## This code performs hyperparameter optimization for each of the CNN model trained on various datasets

### The hyperparameters optimized with random search were:

- Adam learning rate $\alpha$
- Batch size

Random searches performed starts with coarse tuning to $\alpha$, followed by successive fine tuning until the best $\alpha$ resulting in lowest validation error were found.

In [None]:
import sys
import gc
import os, shutil
import tempfile
from os import listdir
from random import randint

import numpy as np
import pandas as pd

import matplotlib
import matplotlib.pyplot as plt
import matplotlib.image as mpimg
from matplotlib.pyplot import imshow
import seaborn as sns
from PIL import Image

from keras import backend as K

import tensorflow as tf
tf.compat.v1.disable_eager_execution()
from tensorflow.keras import models
from tensorflow.keras.preprocessing import image
from tensorflow.keras import mixed_precision, regularizers
from tensorflow.keras.metrics import top_k_categorical_accuracy
from tensorflow.keras.layers import Input, Add, Dropout, Dense, Activation, ZeroPadding2D, BatchNormalization, Flatten, Conv2D, AveragePooling2D, MaxPooling2D, GlobalMaxPooling2D
from tensorflow.keras.models import Sequential, Model
from tensorflow.keras.initializers import random_uniform, glorot_uniform, constant, identity, he_normal
from tensorflow.keras.optimizers import Adam
from tensorflow.keras.callbacks import EarlyStopping, LearningRateScheduler, CSVLogger
from tensorflow.keras.losses import CategoricalCrossentropy
from tensorflow.keras.applications import InceptionV3, Xception, MobileNetV3Large,EfficientNetB0,EfficientNetV2B0
from resnet import resnet18

from sklearn.metrics import classification_report,confusion_matrix, matthews_corrcoef
from sklearn.utils.class_weight import compute_class_weight

In [None]:
plt.set_cmap('gray')
pd.set_option('precision', 3)

In [None]:
for gpu in tf.config.list_physical_devices("GPU"):
    tf.config.experimental.set_memory_growth(gpu, True)

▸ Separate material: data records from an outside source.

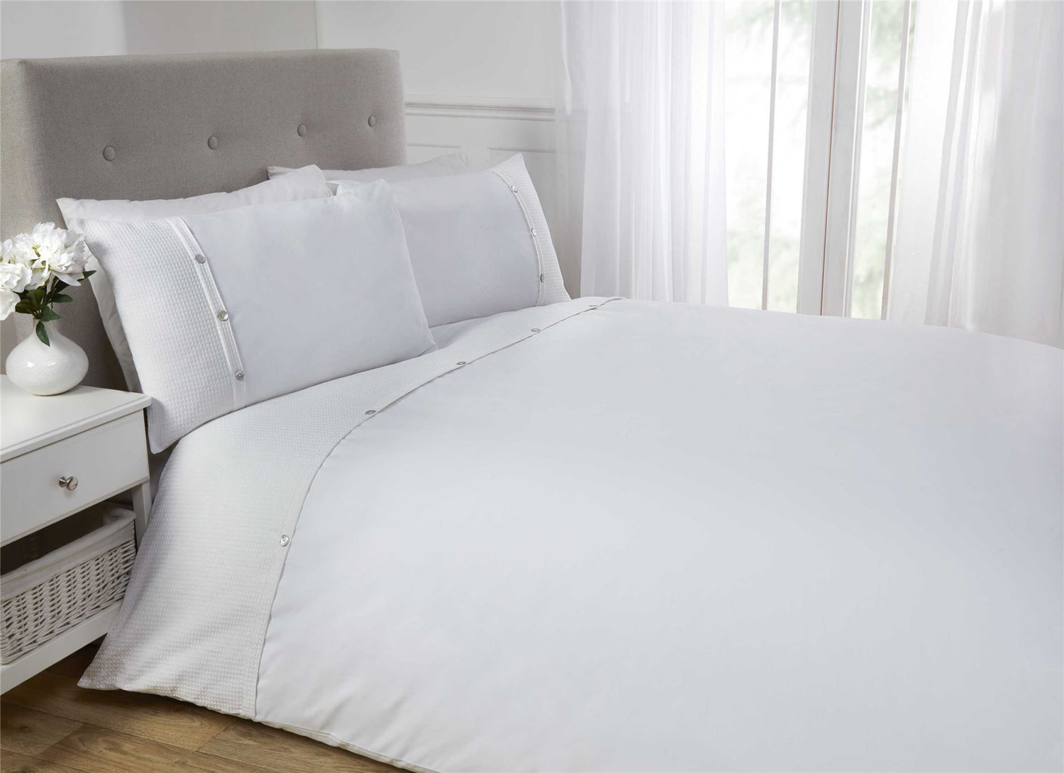 Luxurious 5th Avenue Duvet Set featuring a clean top cuff waffle design with pearl effect buttons for sophisticated bedroom décor
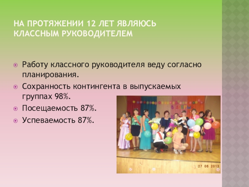Слайд 33На протяжении 12 лет являюсь классным руководителем
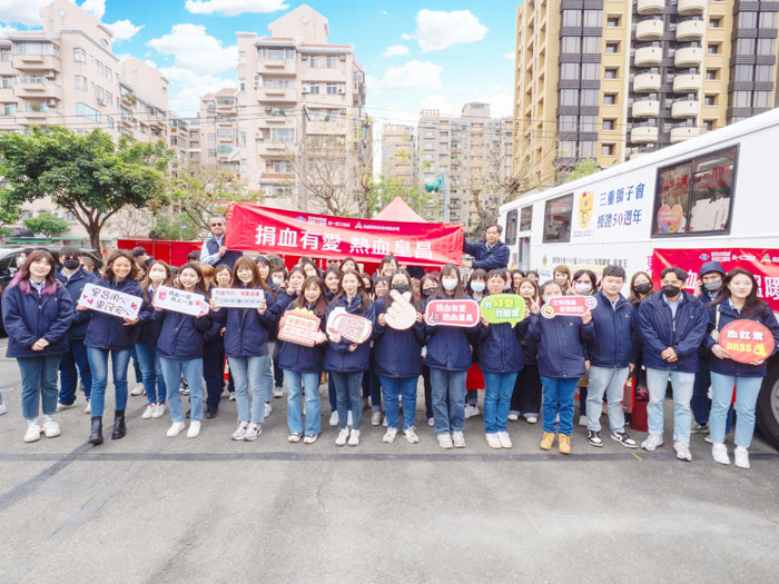 豐鑫皇昌集團同仁們於捐血車前合影。

### Initial settings for hyperparameter and usage of *mixed precision* from NVIDIA CUDA/CU-DNN

In [None]:
policy = mixed_precision.Policy('mixed_float16')
mixed_precision.set_global_policy(policy)
    
es = EarlyStopping(monitor='val_accuracy', mode='max', min_delta=0.005, patience = 6,  restore_best_weights=True)

### Data Generator Utility

In [None]:
def create_datagen(train_path, val_path, test_path, target_size = (256,256), batch_size = 16, efficient = False):
    if efficient:
        train_datagen = image.ImageDataGenerator(
            rescale = 1.,
        )
    else:
        train_datagen = image.ImageDataGenerator(
            rescale = 1./255,
        )

    train_generator = train_datagen.flow_from_directory(
        train_path,
        target_size=target_size,
        batch_size= batch_size,
        color_mode="rgb",
        class_mode='categorical',
        shuffle = True
    )

    validation_generator = train_datagen.flow_from_directory(
        val_path,
        target_size=target_size,
        batch_size= batch_size,
        color_mode="rgb",
        class_mode='categorical',
        shuffle = False
    )
    
    test_generator = train_datagen.flow_from_directory(
        test_path,
        target_size=target_size,
        batch_size= batch_size,
        color_mode="rgb",
        class_mode='categorical',
        shuffle = False
    )
    return train_generator, validation_generator, test_generator

In [None]:
initializer = tf.keras.initializers.HeNormal()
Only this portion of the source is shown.